Although the lentiviral vectors are expected to become valuable workhorses of gene therapy some day, one must still overcome the psychological barrier of administering a live HIV-1 vector (however attenuated) into noninfected patients. Therefore, one would imagine that the first test of principles for the use of lentiviral vectors in clinical gene therapy would be in HIV-infected populations. In these patients, the remote risk of replication-competent retrovirus regeneration would be a moot issue. It is difficult to conceive of more deleterious recombinants between vector and helper virus than the HIV quasi-species already existing in the patient. Furthermore, the possibility of vector mobilization (dissemination of the therapeutic vector to additional HIV target cells) might be viewed as an asset rather than a risk. However, as mentioned above, the use of HIV-1 vectors to deliver anti-HIV-1 genes may be self-defeating, and here an HIV-2 vector might be preferable. Finally, HIV-1-based vectors may be viewed as an extreme form of attenuated virus that can yield one round of infection, persistent expression of select viral antigens, and no productive virus.
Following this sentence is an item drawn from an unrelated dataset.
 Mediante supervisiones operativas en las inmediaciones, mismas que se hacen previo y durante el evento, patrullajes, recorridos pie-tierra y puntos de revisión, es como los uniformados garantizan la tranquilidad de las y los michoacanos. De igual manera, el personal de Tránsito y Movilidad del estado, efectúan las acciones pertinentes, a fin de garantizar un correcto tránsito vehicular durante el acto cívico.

As such, they may be designed to be immunizing vectors that can target antigen-presenting cells. HIV-1 vectors expressing Gag-Pol antigens have been shown to transduce efficiently dendritic cells, which in turn can immunize T cells to exhibit virus-specific cytotoxicity in vitro.7 It is conceivable that lentiviral vectors can be used to deliver other antigens (eg tumor antigens) for use in gene transfer approaches to treatment of diseases other than HIV infection.
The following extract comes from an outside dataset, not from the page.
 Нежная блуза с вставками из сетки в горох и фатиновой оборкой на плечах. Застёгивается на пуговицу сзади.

Thus, HIV sits in the unusual position of being a major human pathogen, a potential target for gene transfer therapy, and a potential tool for use in gene transfer applications. One might argue that gene therapy is not practical for HIV disease, especially in view of the many treatment options now possible, because the cost alone of gene transfer and stem cell transplantation would be prohibitive. However, current treatments for HIV infection have their drawbacks (eg cost, availability, patient noncompliance, side-effects, virus resistance), and we anticipate that gene therapy would be more accessible and affordable to the general public as the technology is improved. The recent report demonstrating apparent successful gene transfer for treatment of severe combined immunodeficiency-X1 (SCID-X1)8 illustrates how incremental improvements in gene therapy strategies, both at the basic science and clinical level, can be combined to overcome successfully what at times appear to be insurmountable obstacles. Development of lentiviral vectors should represent another step forward in the long path of gene therapy technology development.